AIM OF THE TASK: From the material below, set down exactly the lines that run from the one containing "1916 | Yellow" to the one containing "- Per chiavi.", minus the pictures.
RECORDS FOR THE EXERCISE section start
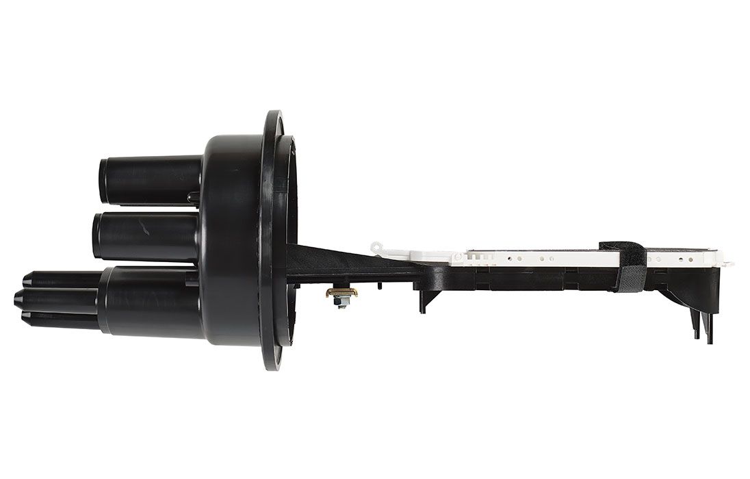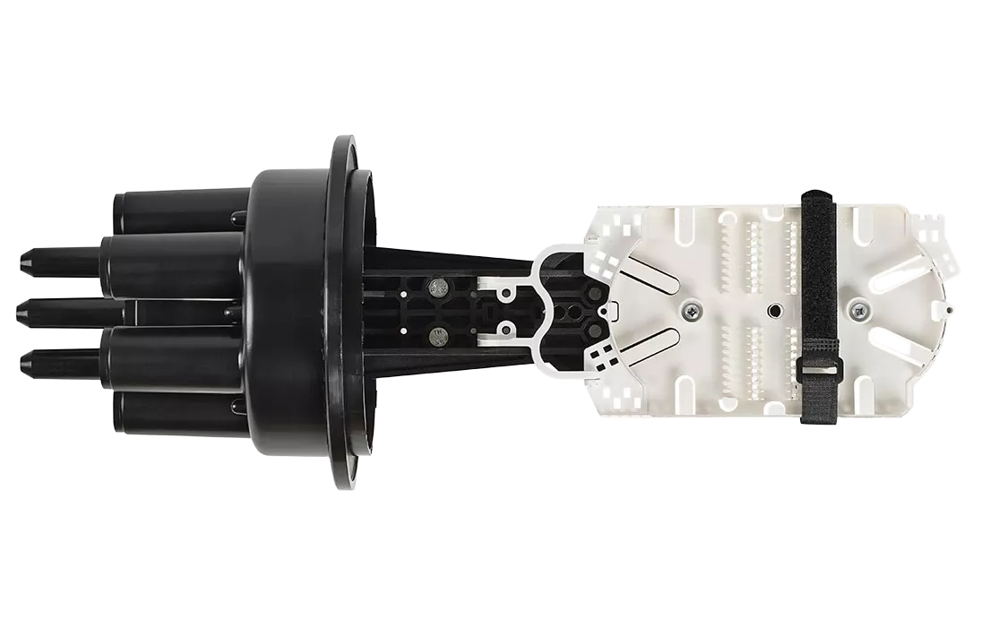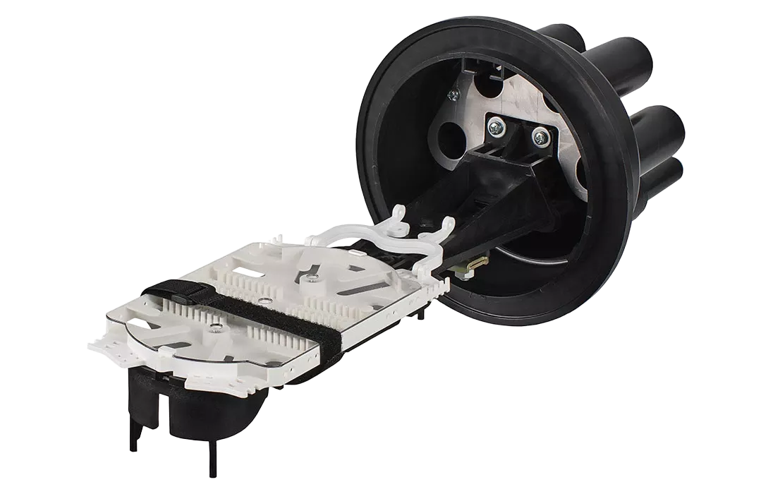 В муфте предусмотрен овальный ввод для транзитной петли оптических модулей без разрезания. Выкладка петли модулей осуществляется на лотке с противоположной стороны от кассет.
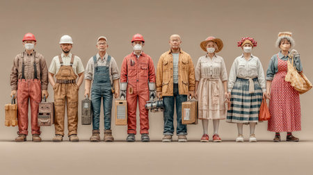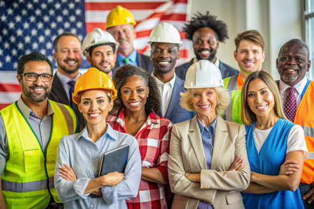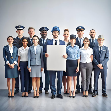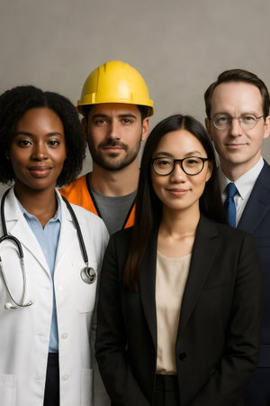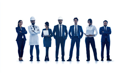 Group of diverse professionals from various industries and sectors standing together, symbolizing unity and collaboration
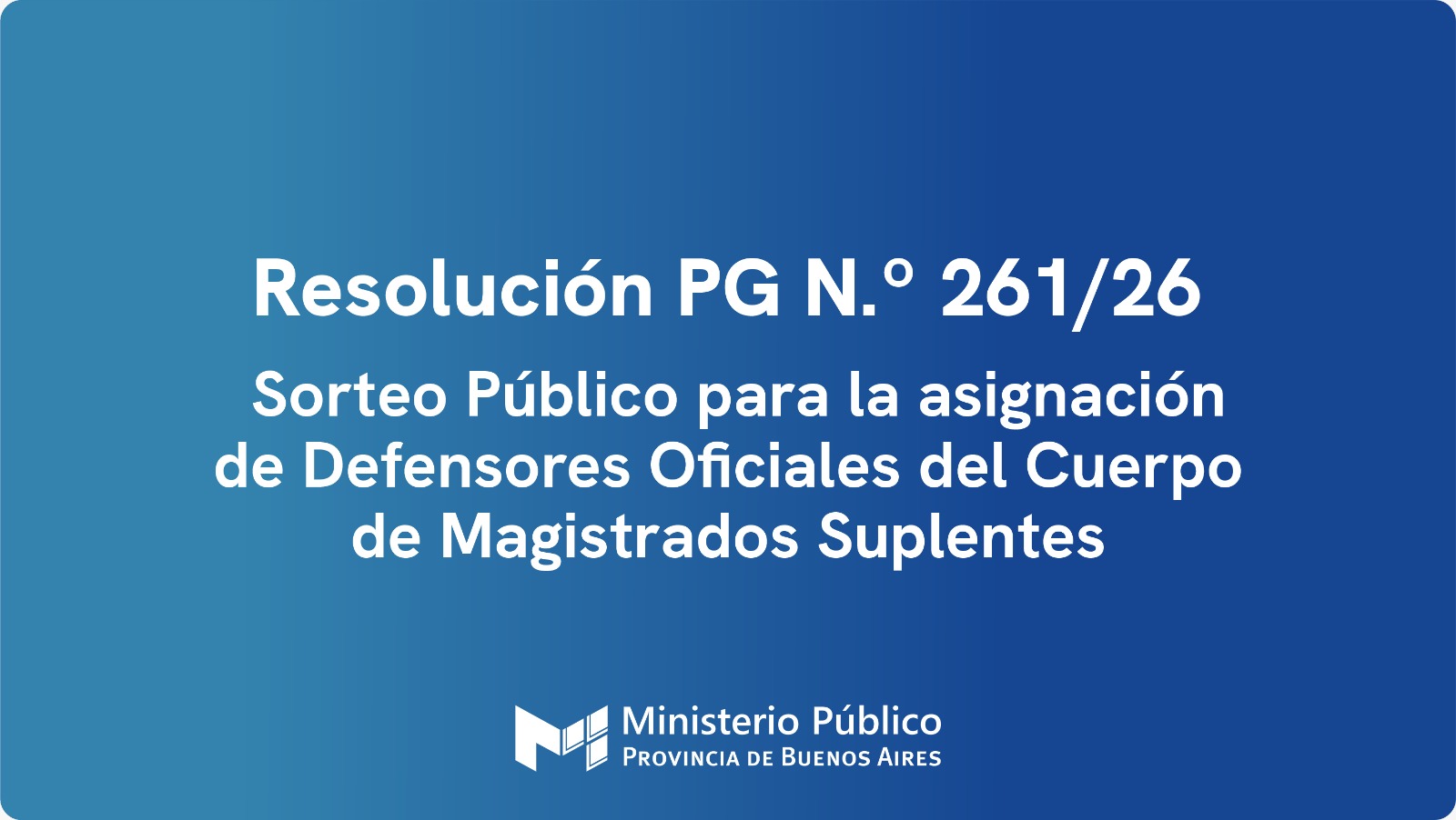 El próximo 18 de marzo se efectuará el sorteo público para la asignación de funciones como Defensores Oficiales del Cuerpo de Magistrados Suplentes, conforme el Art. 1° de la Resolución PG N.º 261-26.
RECORDS FOR THE EXERCISE section end
RECORDS FOR THE EXERCISE section start
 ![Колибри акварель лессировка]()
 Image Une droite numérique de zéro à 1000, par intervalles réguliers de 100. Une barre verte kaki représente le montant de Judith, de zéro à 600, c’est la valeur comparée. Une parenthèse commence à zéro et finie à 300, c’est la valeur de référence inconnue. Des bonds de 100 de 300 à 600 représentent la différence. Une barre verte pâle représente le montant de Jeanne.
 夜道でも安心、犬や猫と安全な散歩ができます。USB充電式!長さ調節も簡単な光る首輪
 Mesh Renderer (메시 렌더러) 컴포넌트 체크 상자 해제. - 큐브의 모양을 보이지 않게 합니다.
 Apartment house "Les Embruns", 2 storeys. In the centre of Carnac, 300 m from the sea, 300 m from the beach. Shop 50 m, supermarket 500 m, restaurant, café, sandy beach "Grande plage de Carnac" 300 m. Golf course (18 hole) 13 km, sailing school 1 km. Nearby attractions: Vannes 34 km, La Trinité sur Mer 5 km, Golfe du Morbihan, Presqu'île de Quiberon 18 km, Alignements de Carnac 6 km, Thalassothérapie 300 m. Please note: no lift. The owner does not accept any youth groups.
RECORDS FOR THE EXERCISE section end
RECORDS FOR THE EXERCISE section start
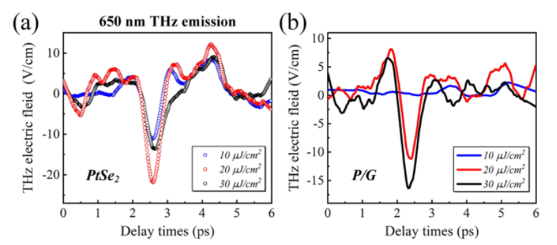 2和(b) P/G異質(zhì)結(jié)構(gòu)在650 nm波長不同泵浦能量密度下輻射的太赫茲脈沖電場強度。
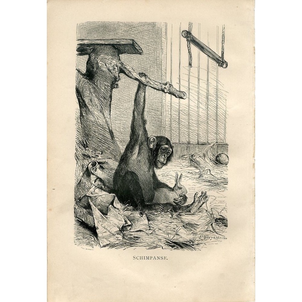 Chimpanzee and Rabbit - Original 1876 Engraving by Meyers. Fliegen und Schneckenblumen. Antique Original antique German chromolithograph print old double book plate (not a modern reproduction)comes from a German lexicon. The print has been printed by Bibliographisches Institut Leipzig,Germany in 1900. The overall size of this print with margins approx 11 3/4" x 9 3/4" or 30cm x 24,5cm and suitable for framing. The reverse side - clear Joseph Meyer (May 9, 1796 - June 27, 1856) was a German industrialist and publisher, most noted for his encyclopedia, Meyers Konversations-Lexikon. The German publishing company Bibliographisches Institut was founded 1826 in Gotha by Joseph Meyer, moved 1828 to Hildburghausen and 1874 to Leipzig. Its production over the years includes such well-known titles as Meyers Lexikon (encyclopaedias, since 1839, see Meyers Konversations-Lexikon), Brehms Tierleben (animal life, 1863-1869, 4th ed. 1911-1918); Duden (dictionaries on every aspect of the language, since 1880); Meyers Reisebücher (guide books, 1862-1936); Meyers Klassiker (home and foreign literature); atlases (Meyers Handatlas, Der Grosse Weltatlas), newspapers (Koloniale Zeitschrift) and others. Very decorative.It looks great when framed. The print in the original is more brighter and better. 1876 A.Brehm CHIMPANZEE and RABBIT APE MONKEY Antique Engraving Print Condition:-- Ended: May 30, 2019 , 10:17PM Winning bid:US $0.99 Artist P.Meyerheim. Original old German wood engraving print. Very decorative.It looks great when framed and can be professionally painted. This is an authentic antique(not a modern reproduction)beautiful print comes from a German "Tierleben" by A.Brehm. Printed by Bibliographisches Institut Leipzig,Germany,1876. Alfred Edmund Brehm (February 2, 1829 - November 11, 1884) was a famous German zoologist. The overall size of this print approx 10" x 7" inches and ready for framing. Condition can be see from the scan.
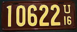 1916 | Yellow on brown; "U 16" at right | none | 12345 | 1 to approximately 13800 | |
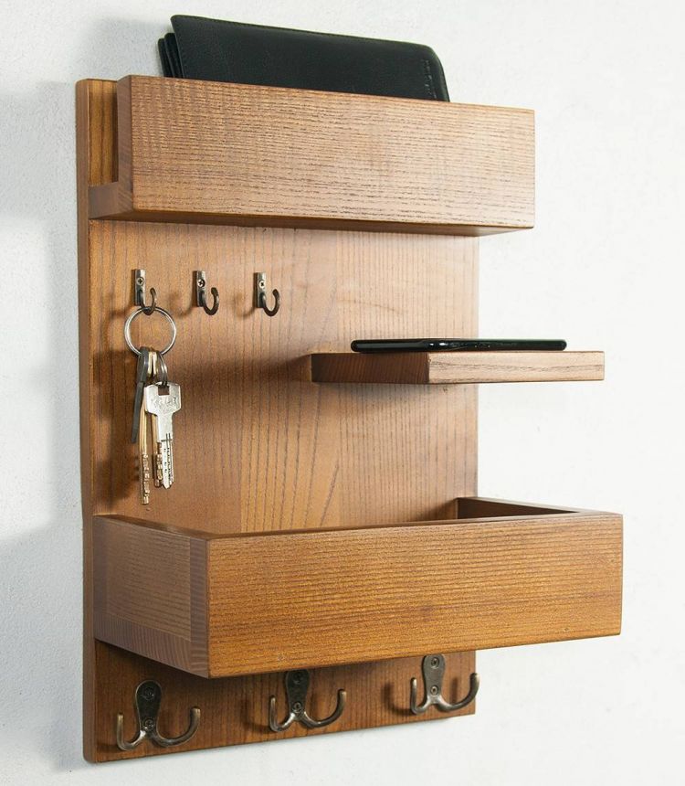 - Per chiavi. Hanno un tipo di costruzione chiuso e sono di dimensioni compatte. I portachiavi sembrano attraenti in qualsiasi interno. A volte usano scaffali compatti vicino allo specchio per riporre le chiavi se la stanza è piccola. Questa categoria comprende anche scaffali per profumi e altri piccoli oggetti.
RECORDS FOR THE EXERCISE section end
ANSWER AREA:
 1916 | Yellow on brown; "U 16" at right | none | 12345 | 1 to approximately 13800 | |
 - Per chiavi. Hanno un tipo di costruzione chiuso e sono di dimensioni compatte. I portachiavi sembrano attraenti in qualsiasi interno. A volte usano scaffali compatti vicino allo specchio per riporre le chiavi se la stanza è piccola. Questa categoria comprende anche scaffali per profumi e altri piccoli oggetti.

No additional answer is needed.